Unfortunately, Chairman Grassley has so far frustrated our efforts to get full access to the judge’s records. First, he requested only 10-15% of Kavanaugh’s White House record, unilaterally declaring the bulk of his time in the White House irrelevant.


As the National Archives works through that request, the Judiciary Committee has been accepting documents from a lawyer hired by the Bush library to pre-screen documents. That lawyer, Mr. Burck, who counts Steve Bannon, Reince Priebus, and White House Counsel Don McGahn among his clients, has provided only 6% – 6% Madam President – of Kavanaugh’s White House record to the Judiciary Committee, recently declaring some documents “personal,” rather than presidential records – a determination that we have been given no basis for.


Judiciary Republicans went even further in their efforts to conceal Judge Kavanaugh’s record by labeling another smaller portion of those documents “committee confidential.” So of the 6%, close to a third cannot be seen by anyone but members of the Judiciary Committee and they cannot talk about it to others. That’s 4% of Kavanaugh’s record being made public. And there are no guidelines, no rules being made as to which 4% is being made public and which 96% is being withheld. Obviously, one might think that the lawyer who is clearly totally hooked in to the Republican appointment of the Kavanaugh mechanism would not allow things that might be controversial, that might not put Kavanaugh in such a good light. And yet there is not even a standard as to which documents are made public and which are kept confidential.


Does that sound fair to the Senate? Does that sound fair to the American people, who have a right to read and understand who this potential future Supreme Court justice may be? The burden of proof should not be on disclosure documents. We believe in disclosure. We’re an open place. Senator Grassley has made disclosure of things throughout the executive branch a hallmark of his career. And yet now they make the burden of proof on those who want to disclose. And the presumption is that documents won’t be disclosed. It is so wrong.


Any fair-minded observer would be hard-pressed to say that the review of Judge Kavanaugh’s record has been transparent, open, and fair. It has not been.


The next Supreme Court justice will have immense influence over the lives of Americans for generations, on issues ranging from women’s reproductive rights to health care, protections for pre-existing conditions, civil rights, labor rights, environmental protections, LGBTQ rights, and so much more.
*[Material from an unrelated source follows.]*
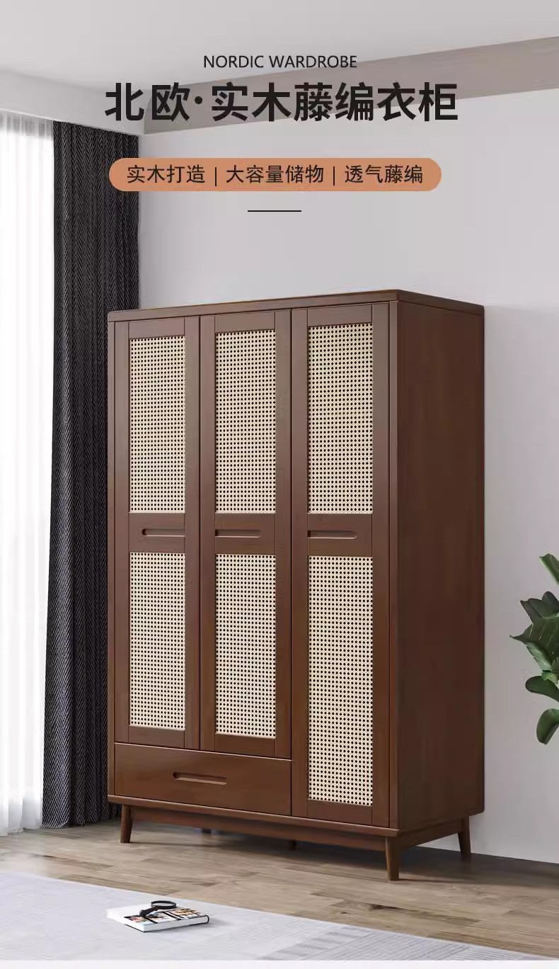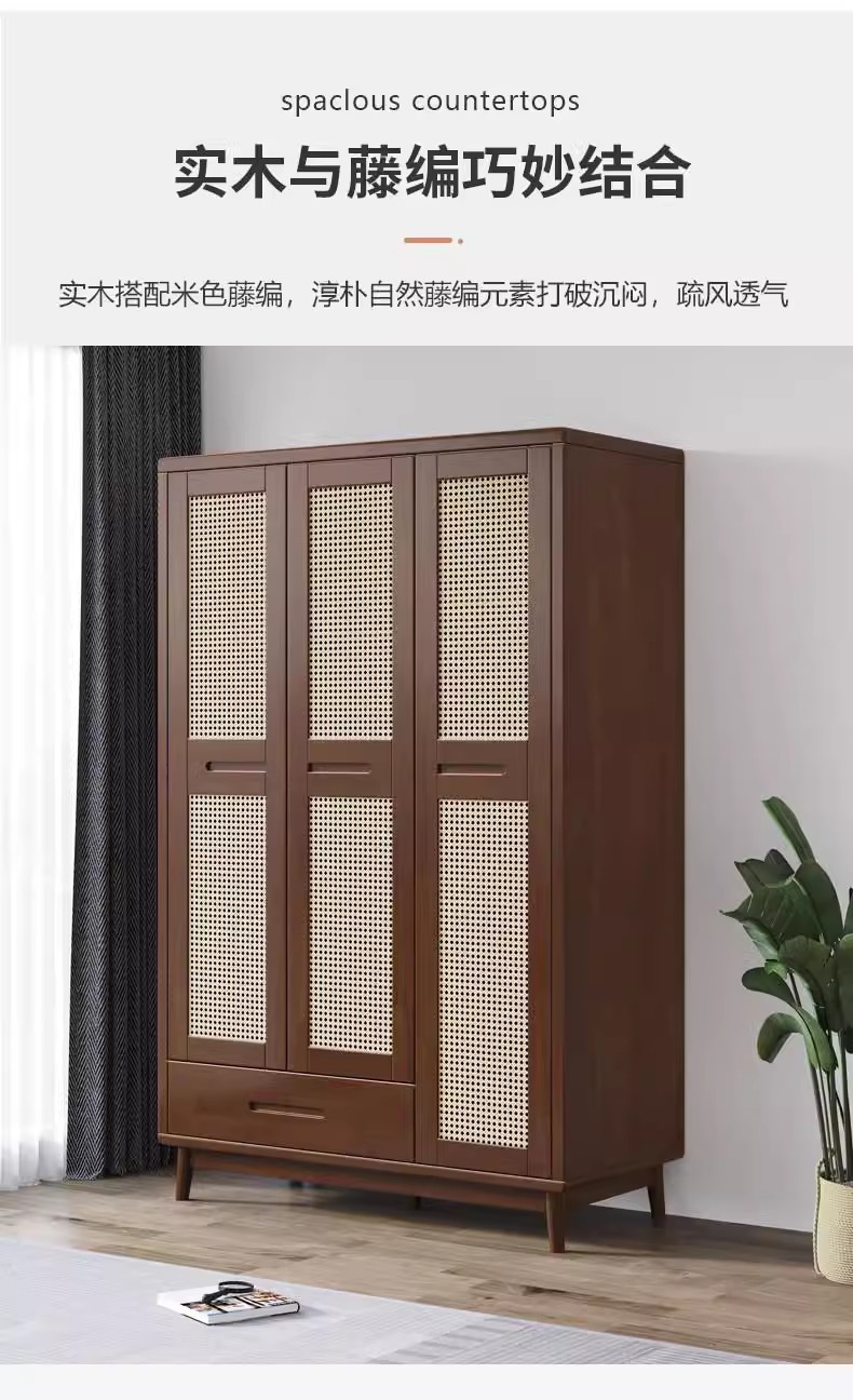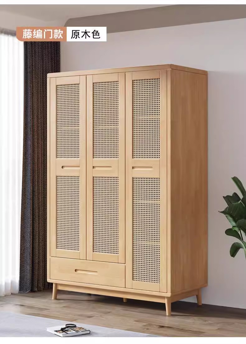 단단한 나무 옷장 등나무 옷장 침대 및 아침 식사 가구 2 문 3 문 저장 옷장 일본 작은 아파트 침실 사물함

The next Supreme Court justice may very well make crucial decisions about the limits of executive power and accountability – something that hangs in the balance right now with all of President Trump’s actions.


We already know Judge Kavanaugh has some deeply troubling views on these issues, both because of his writings and because he was selected by a president who explicitly promised to pick pro-life judges, and judges hostile to our nation’s health care law.


In order to get a complete picture of Judge Kavanaugh’s views on these crucial issues, his record should be made public. There may be some highly relevant information on issues like Roe v. Wade, campaign finance, affirmative action, and more contained within the documents Chairman Grassley has labeled “committee confidential.”


Again, there is very relevant and significant information, even in the “committee confidential” documents, about Roe, campaign finance, affirmative action, and more. They should be made public. And Senator Grassley can do it with the flick of his pen. I would appeal to him, as a man, again, who has stood for disclosure and openness, who has probed and gotten angry at executive branch members of both parties for withholding information. And now of course we have this 180-degree turn. It’s not like the best of Chairman Grassley and I hope he’ll change his mind.


Certainly, there is an offer to allow senators to view these documents, but they ought to be released to the public. We don’t have secret proceedings when we choose a Supreme Court justice. It’s not the Senate going into the old chamber and debating among themselves. These documents should be made public. The Senate should not be in the practice of shrouding the eyes of the public from the crucial business of learning what a Supreme Court nominee will be like.